12 October 2007 @ 5pm


Working the Story

Preamble: Alright. So I can’t imagine that this idea is wholly original, but I don’t have time to look it up right now.

I’m in Arlington, visiting my parents and getting ready to celebrate my dad’s birthday. In his retirement, he’s taken up (or re-taken up) painting — specifically, oil painting. At dinner (kebabs), I asked him about some of his recent assignments (he’s in a few classes). Last week, his assignment was this: Take a household object (he used a metal duck … what? you don’t have metal ducks in your house?), and spend one hour painting it. Then, paint the same object, in only 20 minutes. Then, paint the object one more time, in only 5 minutes.

The goal is to see what the essential components of the object are, to reduce the object down to its essence, its core.

This week, his assignment is to do the exact same thing, but in reverse. In five minutes, get the core of the object (this time, it’s fruit). Then, over twenty minutes, redo it, adding nuance.
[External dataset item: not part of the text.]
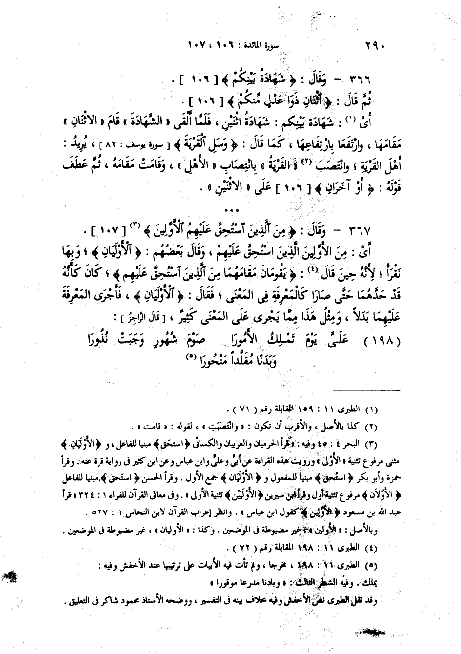 {يِا أَيُّهَا الَّذِينَ آمَنُواْ شَهَادَةُ بَيْنِكُمْ إِذَا حَضَرَ أَحَدَكُمُ الْمَوْتُ حِينَ الْوَصِيَّةِ اثْنَانِ ذَوَا عَدْلٍ مِّنْكُمْ أَوْ آخَرَانِ مِنْ غَيْرِكُمْ إِنْ أَنتُمْ ضَرَبْتُمْ فِي الأَرْضِ فَأَصَابَتْكُم مُّصِيبَةُ الْمَوْتِ تَحْبِسُونَهُمَا مِن بَعْدِ الصَّلاَةِ فَيُقْسِمَانِ بِاللَّهِ إِنِ ارْتَبْتُمْ لاَ نَشْتَرِي بِهِ ثَمَناً وَلَوْ كَانَ ذَا قُرْبَى وَلاَ نَكْتُمُ شَهَادَةَ اللَّهِ إِنَّآ إِذَاً لَّمِنَ الآَثِمِينَ}
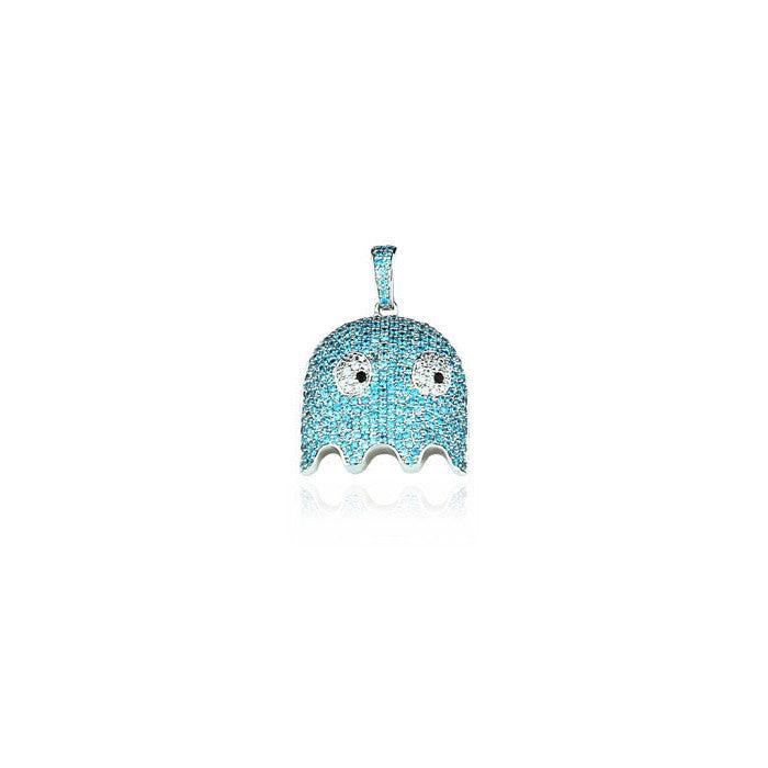 Ghosts pendant, primarily Blinky, Pinky, Inky and Clyde, are the monsters chasing. We make them alive by crafting the piece, approximately 24.7mm tall, micro pave setting in multicolored simulated diamonds. double layer plated work to ensure long wearing.

Then, do it a third time, going for as much detail as you can get into it in the hour.

Interestingly, this parallels my PearBudget development from the last week. Because I’m a fiddler, I know that I need to set constraints on my time. So I wrote out the story of a user’s interaction with PearBudget. Everything from the initial glance at the homepage, to the creation of an account, to the first login, to the budget creation wizard, to the logging out, yadda yadda yadda, to the forgotten password at re-log-in time, etc.

Then, I’m step through it, one piece at a time. Each piece gets an hour of time, and then it’s on to the next piece. After I’ve gone through the whole story (I think there are, like 15 steps? 20?), I go back through, adding in nuance, detail, clarification, etc. But the idea is to get the essence, as quickly as possible. Also, it gives Sarah time to step through behind me and to see the areas that don’t make any sense. That feedback then becomes important for my next pass through.

That’s the theory, at least, behind “working the story.” In practice, I’m finding it really really hard to drop something just as I’ve begun to get my head around it. So I might have to change my approach as time goes on. It’s early enough in the game that I’m going to have a couple of false starts. That’s another benefit of the agile approach — you haven’t invested crazy amounts of time when you figure out something isn’t working.

Okay. Enough with the talky. Back to it.